Comparator<Course> titleComparator = (c1, c2) -> c1.title().compareTo(c2.title()); 
Comparator<Course> feeComparator = (c1, c2) -> (int) (c1.fee() - c2.fee());

// printing ArrayList before sorting
System.out.println("unsorted list: " + listOfCourses);

// sorting list of objects using comparator - using title on ascending order
listOfCourses.sort(titleComparator);

// printing ArrayList after sorting in ascending order
System.out.println("sorted list in ascending order of title: " + listOfCourses);

// sorting arraylist of objects using comparator - using fee on ascending order
listOfCourses.sort(feeComparator);

// printing ArrayList after sorting in ascending order
System.out.println("sorted list in ascending order of fee: " + listOfCourses);

// sorting array list in descending order of title
listOfCourses.sort(Collections.reverseOrder(titleComparator));
System.out.println("sorted list in descending order of title: " + listOfCourses);

// sorting arraylist in descending order of fee
listOfCourses.sort(Collections.reverseOrder(feeComparator));
System.out.println("sorted list in descending order of fee: " + listOfCourses);

}

}

class Course{
String title;
long fee;

public Course(String title, long fee){
this.title = title;
this.fee = fee;
}

public String title(){
return title;
}

public long fee(){
return fee;
}

@Override
public String toString() {
return String.format(title + "@ " + fee);
}
}

Output:

unsorted list: [REST with Spring@ 99, Learn Spring Security@ 110,
 Introduction to Spring MVC 4@ 0]
sorted list in ascending order of title: [Introduction to Spring MVC 4@ 0,
 Learn Spring Security@ 110, REST with Spring@ 99]
sorted list in ascending order of fee: [Introduction to Spring MVC 4@ 0,
 REST with Spring@ 99, Learn Spring Security@ 110]
sorted list in descending order of title: [REST with Spring@ 99, 
Learn Spring Security@ 110, Introduction to Spring MVC 4@ 0]
sorted list in descending order of fee: [Learn Spring Security@ 110,
 REST with Spring@ 99, Introduction to Spring MVC 4@ 0]

From the output, it's clear that our sorting works as expected.

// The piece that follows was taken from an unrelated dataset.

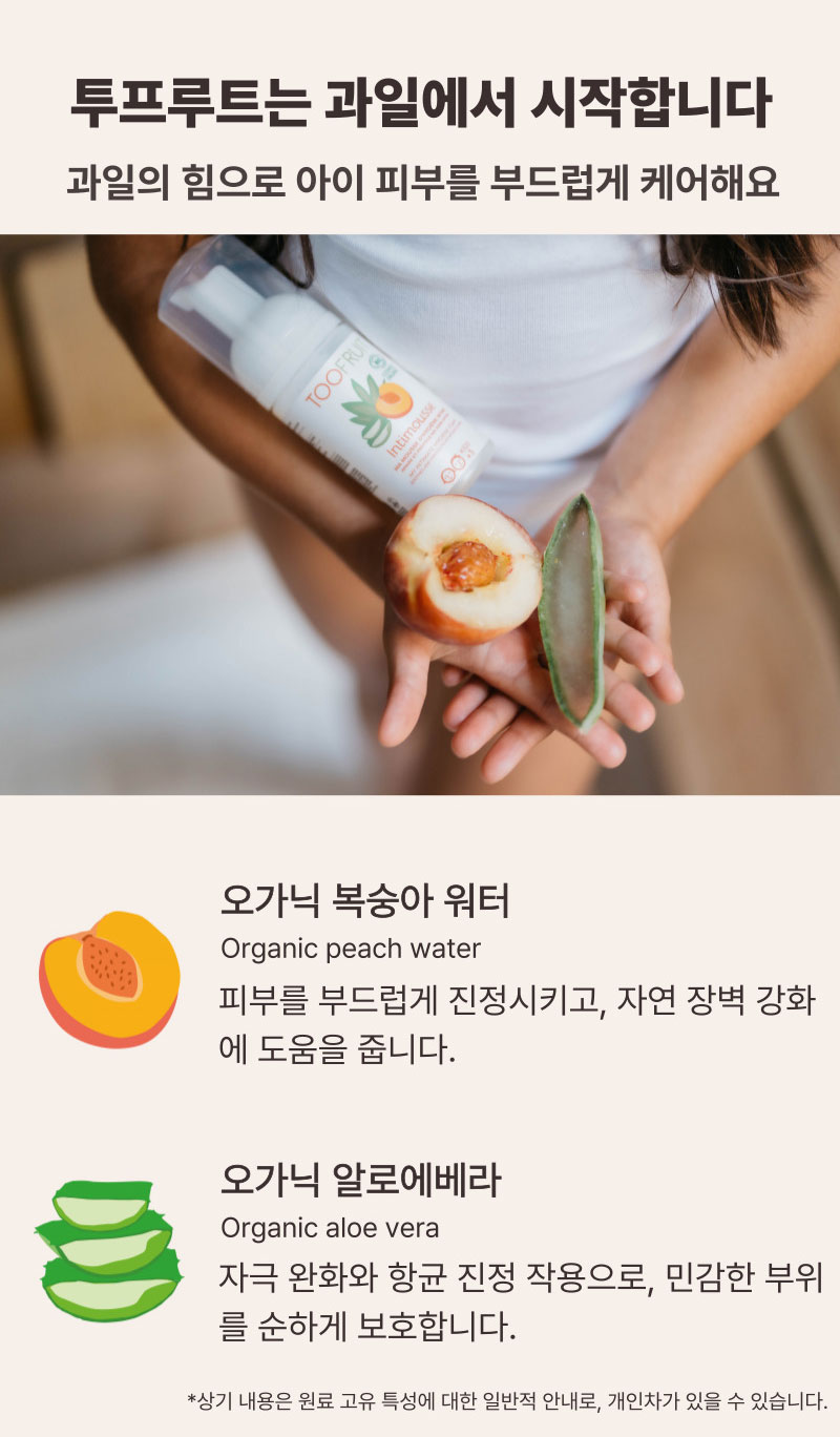정제수, 글리세린, 코코-글루코사이드, 복숭아수, 소듐코코일글루타메이트, 알파-글루칸올리고사카라이드, 글루코노락톤, 소듐벤조에이트, 글리세릴올리에이트, 시트릭애씨드, 향료, 알지닌, 알로에베라잎즙가루, 포타슘솔베이트, 하이드롤라이즈드스위트아몬드단백질, 류코노스톡/무발효여과물, 토코페롤, 하이드로제네이티드식물성글리세라이즈시트레이트

In the ascending order of title, Introduction to Spring MVC 4 comes first because it starts with the letter "I", while other starts with letter "L" and letter "R". In the descending order, the "REST with Spring" comes first because of the same reason. While, in the ascending order of fee, again, Introduction to Spring MVC 4 comes first because it is the least expensive out of these three courses.

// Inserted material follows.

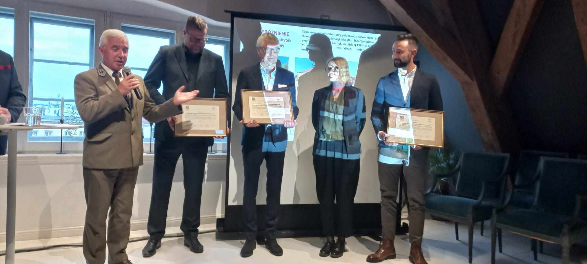 Z radością i satysfakcją odebraliśmy Dolnośląski Laur Konserwatorski 2023 w kategorii zabytek nieruchomy przyznany przez Stowarzyszenie Konserwatorów Zabytków Oddział Dolnośląski dla zespołu zabudowy pałacowej z folwarkiem i parkiem dawnego Urzędu Ordynacji Majątku Schaffgotschów w Sobieszowie za przeprowadzenie rewitalizacji dużego barokowego kompleksu zabytków. Oprócz przedstawicieli Karkonoskiego Parku Narodowego – dyrektora Andrzeja Raja i głównych specjalistów Justyny Wierzchuckiej-Sajór i Daniela Pindelskiego wyróżnienie odebrali także pan Krzysztof Frąckowiak, główny projektant oraz Wiktor Koselak i Paulina Grzywacz z firmy Pre-Fabrykat, odpowiedzialni za większość prac remontowych.

That's all about how to sort an ArrayList of Objects using Comparator in Java. You have learned to sort ArrayList in both ascending and descending order using Comparator. As I said, you don't need to create two comparators, instead, you just create a comparator to sort the list of objects based upon any attribute you want and then use the Collections.reverseOrder() method to reverse the order imposed by Comparator. It accepts a comparator and then sorts the elements in the array list in the reverse order of that comparator. This way you can sort the list of objects in descending order.